この記事では、Adobe Experience Manager Guides(後で​ AEM Guides ​と呼ばれます)のバージョン 4.3.0の新機能と強化機能について説明します。

アップグレード手順、互換性マトリックス、およびこのリリースで修正された問題について詳しくは、​ リリースノート ​を参照してください。

データソースに接続し、トピックにデータを挿入する

AEM Guidesのすぐに使えるコネクタを使用して、データソースに素早く接続できます。 データソースに接続すると、データをソースと同期させることができます。

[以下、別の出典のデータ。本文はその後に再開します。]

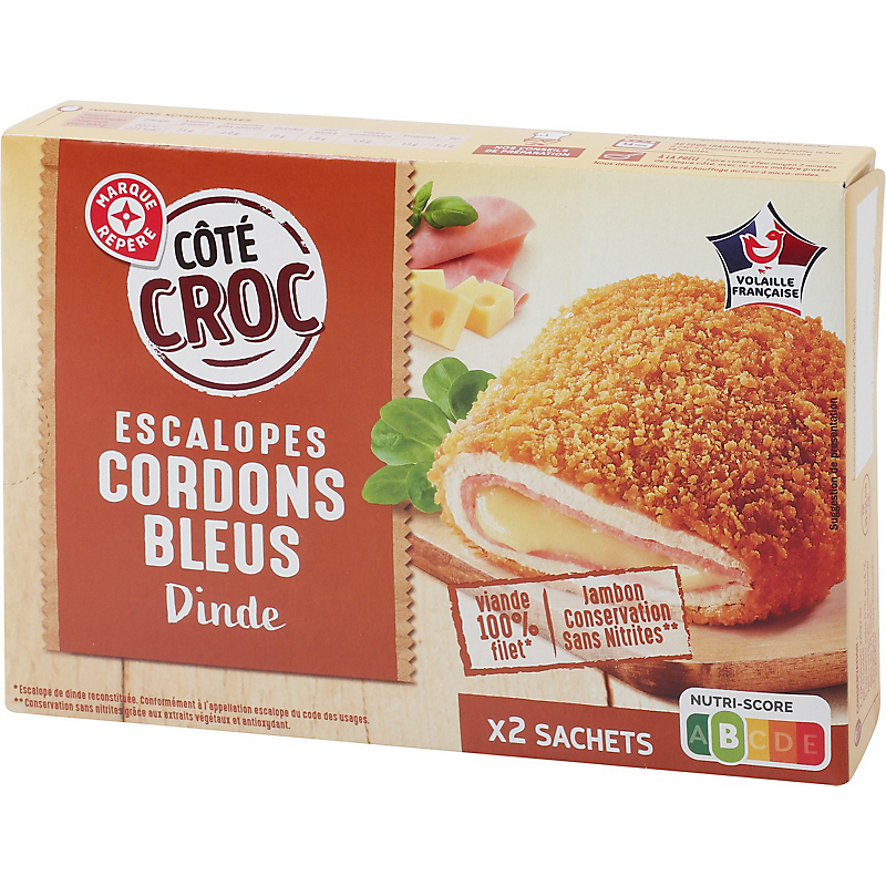 Escalope cordon bleu de dinde reconstituée traitée en salaison, aromatisée, frite et cuite COTE CROC

また、データの更新は自動的に反映されるため、AEM Guidesは真のコンテンツハブとなります。 この機能により、データを手動で追加またはコピーする時間と労力を節約できます。

AEM Guidesでは、JIRAおよびSQL (MySQL、PostgreSQL、SQL Server、SQLite)データベース用のすぐに使えるコネクタを設定できます。 デフォルトのインターフェイスを拡張して、他のコネクタを追加することもできます。
追加すると、Web エディターのデータソースパネルの下に一覧表示される設定済みコネクタを表示できます。

パネルのデータソースリスト {width="300"}

接続されたデータソースからデータを取得するためのコンテンツスニペットを作成します。 トピックにデータを挿入して編集します。 コンテンツスニペットジェネレーターを作成したら、それを再利用して任意のトピックにデータを挿入できます。

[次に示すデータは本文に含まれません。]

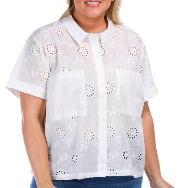 Elevate your casual wardrobe with this short sleeve button-down top that offers a soft and breathable fit. The classic button-down camp shirt design and stylish eyelet pattern make it a versatile piece, perfect for pairing with jeans or skirts. Whether you are dressing up for a casual outing or keeping it relaxed at home, this top combines comfort and timeless style effortlessly. Fabrication is 100% Cotton. Top length measures approximately 25 in.

接続されたデータソースからトピックを作成することもできます。 トピックには、表、リスト、段落など、様々な形式のデータを含めることができます。 また、すべてのトピックのDITA マップを作成することもできます。 データソースから取り出す際に、メタデータをトピックに関連付けることができます。

詳しくは、​ データソースからのデータを使用を参照してください。

コンテンツに引用を追加する

引用は、コンテンツに追加された情報のソースへの参照です。 引用は、信頼性を確立し、盗用を防ぐのに役立ちます。 引用は、読者がソースを見つけ、テキストに表示される情報を検証するのに役立ちます。

AEM Guidesでは、引用を追加したり、引用を読み込んでコンテンツに適用したりできます。 ブック、web サイト、ジャーナルの任意のソースからこれらの引用を追加できます。

トピックに引用を挿入した後、Web エディターで引用をプレビューできます。 また、ネイティブPDFを使用して、引用を含むコンテンツを公開することもできます。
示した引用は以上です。